家屋は所々全壊しているものがあり、大半は燃やされている。
「酷い···。勇者って正義の味方で人格者なんじゃないの?」
「あぁ。|人間にとって(・・・・・・)はそうだ。でも実際は自分の経験値のために無抵抗な魔物だろうが普通に暮らしている魔物だろうがこうやってお構い無しに殺していくやつだ。まぁそれが人間、いや|王族にとって(・・・・・・)は正義なんだけどな。」
言葉を失ってしまった。
昨日ここを出る時にはみんな明るく送り出してくれた。
この前側近と一緒に遊んだ子どもたちもいつも優しくしてくれる八百屋のおばちゃんも血を流して倒れていた。
助からないことは見てすぐにわかった。
色々なところで兵も死んでいる。
多分大半はこの町で死んでいるだろう。
「老ドラゴン、生きてる人を探して治療をしてあげて。

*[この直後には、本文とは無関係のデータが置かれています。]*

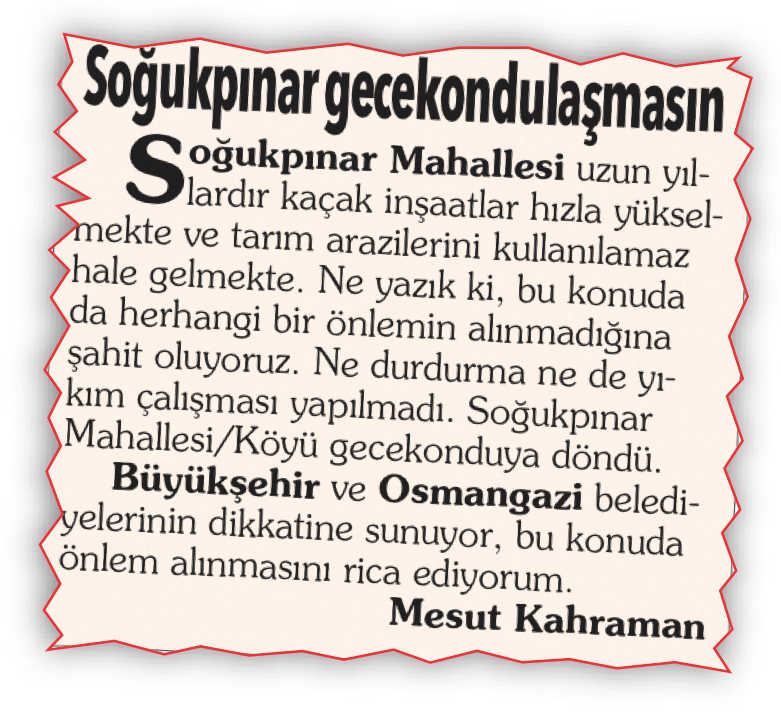 Sayın Günay Yumruktay, Olay gazetesinin 27 Aralık 2019 tarihli Söz Sizde köşesinde ‘Soğukpınar Gecekondulaşmasın’ başlıklı bir şikâyete yer verilmiştir.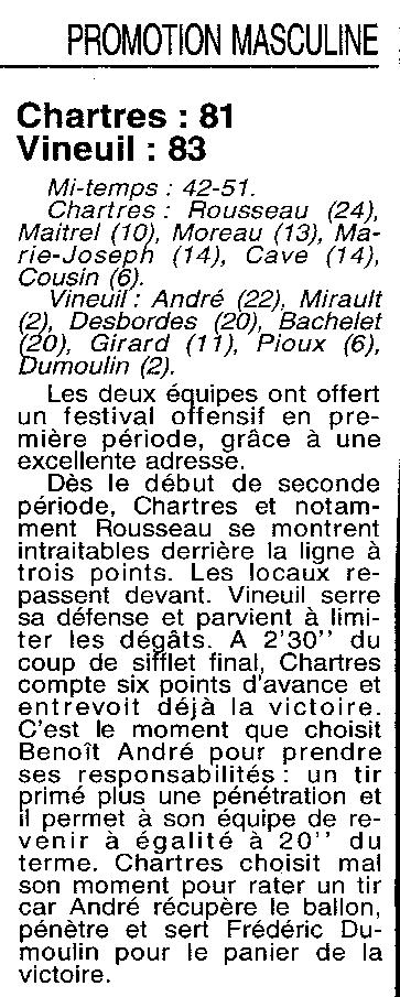 Saison 1998-1999 : En Championnat de Promotion d’Excellence Régionale Masculine, Vineuil bat Chartres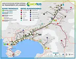 El Sistema Integral de Transporte (SIT), mejor conocido como Acabús, es un autobús de tránsito rápido (Bus Rapid Transit, BRT) que presta servicio en la Zona Metropolitana de Acapulco en el estado de Guerrero. Tuvo una inversión de 1,800 millones de pesos. Se tenía previsto que el primer autobús comenzara a circular en mayo de 2013 y el proyecto completo a finales de agosto del mismo año.[1] Sin embargo, la ejecución del proyecto presentó retrasos en la conclusión de las obras, por lo que el sistema inició operaciones el 31 de mayo de 2016 en fase de pruebas, y el 25 de junio con el servicio real. Es el primer transporte de este tipo en el estado de Guerrero.[2]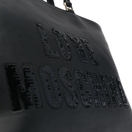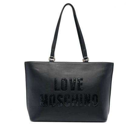 Shopping bag donna con logo Love Moschino in paillettes. Realizzata in ecopelle.Chiusura con zip.
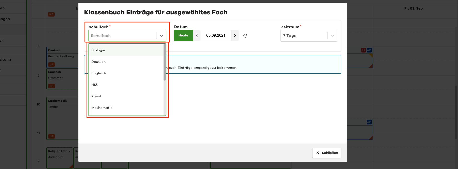 To get an overview of the recent lessons held by a teacher or a specific subject in a class, we have added the following functions for you: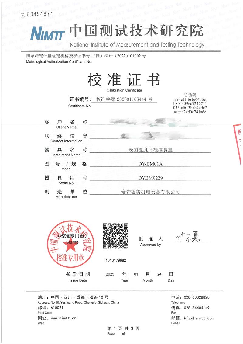 表面溫度計校準裝置-校準證書(shū) 2025-2-14 本文被閱讀 5524 次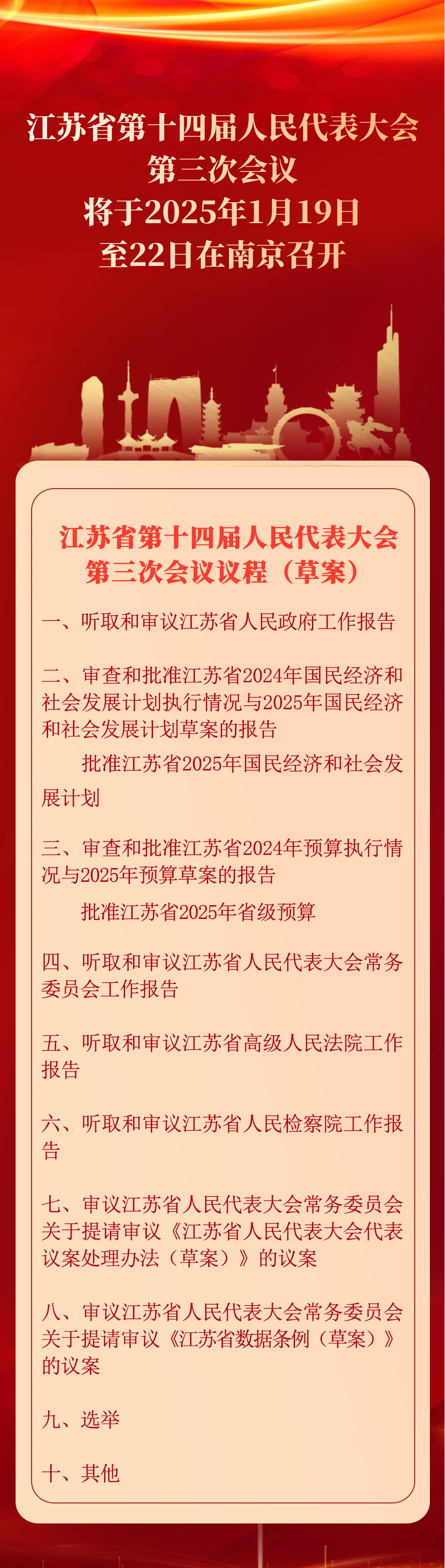 江蘇省第十四屆人民代表大會第三次會議議程(草案)
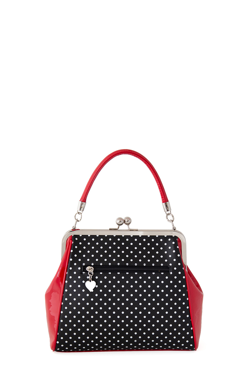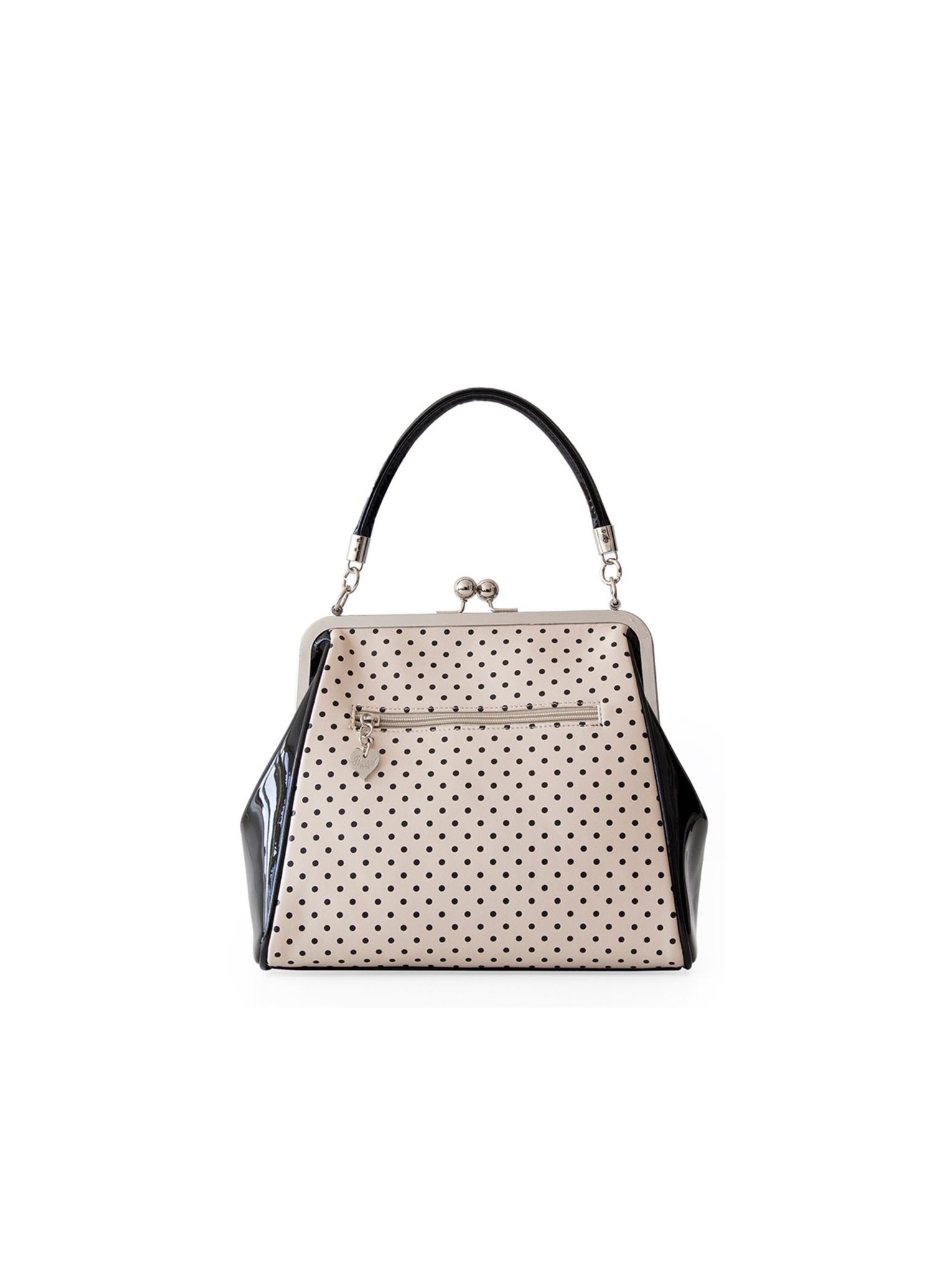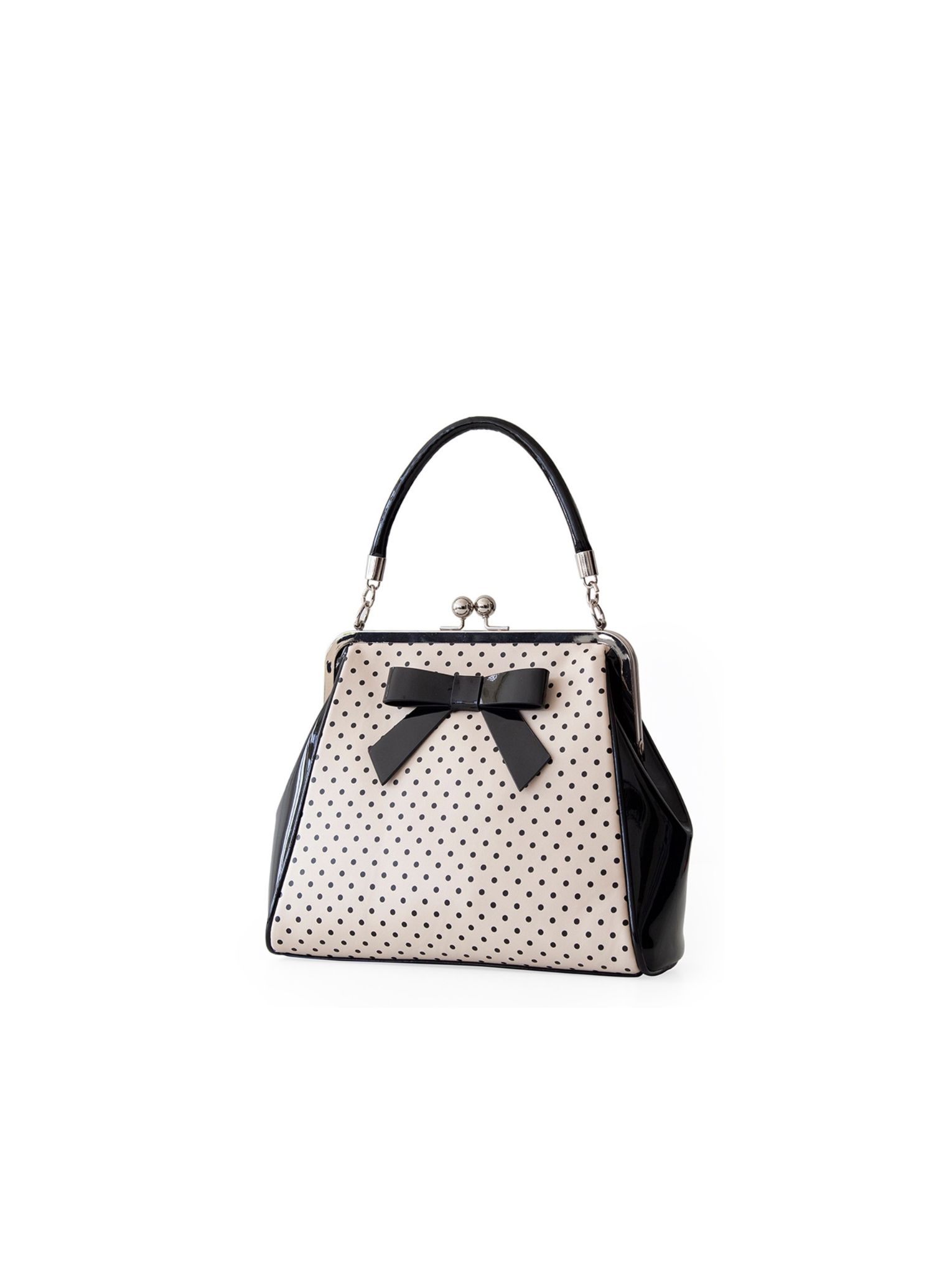 The Polka Starr handbag epitomises the vintage style with a rockabilly twist and classic kisslock close, finished with a demur bow and with both a handle and shoulder strap she's the perfect every day companion
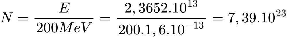 hạt.Mỗi hạt tham gia 1 phản ứng phân hạch tỏa ra 200 MeV → Tổng năng lượng tỏa ra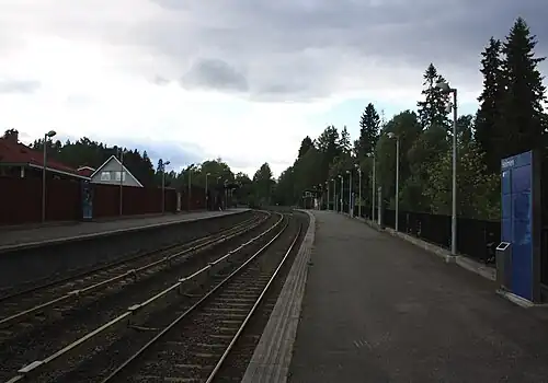 Holmen is a station on the Røa Line (line 2) of the Oslo T-bane system. It is located between Makrellbekken and Hovseter and serves the neighbourhood of Holmen. The station is 6.1 km from Stortinget. Holmen was opened on 24 January 1935 when the line was completed to Røa. The station is at an altitude of 119.4 metres above sea level.[1] The station is located in a mainly residential area.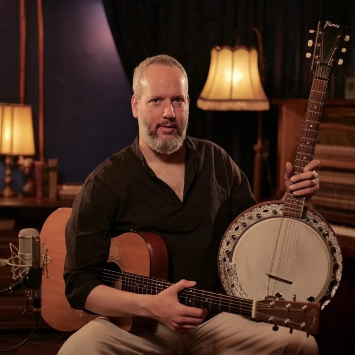 He has released more than ten albums under his name. In his solo albums, as well as in live performances, he uses acoustic guitar, bowed banjo, and voice.

1人でも多く助けないと···。ゴーレムたちも手伝って。」
「わかりました。魔王様、気をしっかり持ってくだされよ。落ち込むのは後ですぞ。」
「うん。わかってる。」
城からも煙が上がっている。
至る所で兵が死んでいる。
側近は無事だろうか。
何か嫌な予感がする。
「ねぇ、勇者はどこだろう。」
「玉座だと思います。」
「わかった。行こう。」
玉座はあることは知ってたけどあそこに座るのは恥ずかしいからという理由で1度も座っていない。
大急ぎで僕らは玉座の間へと向かった。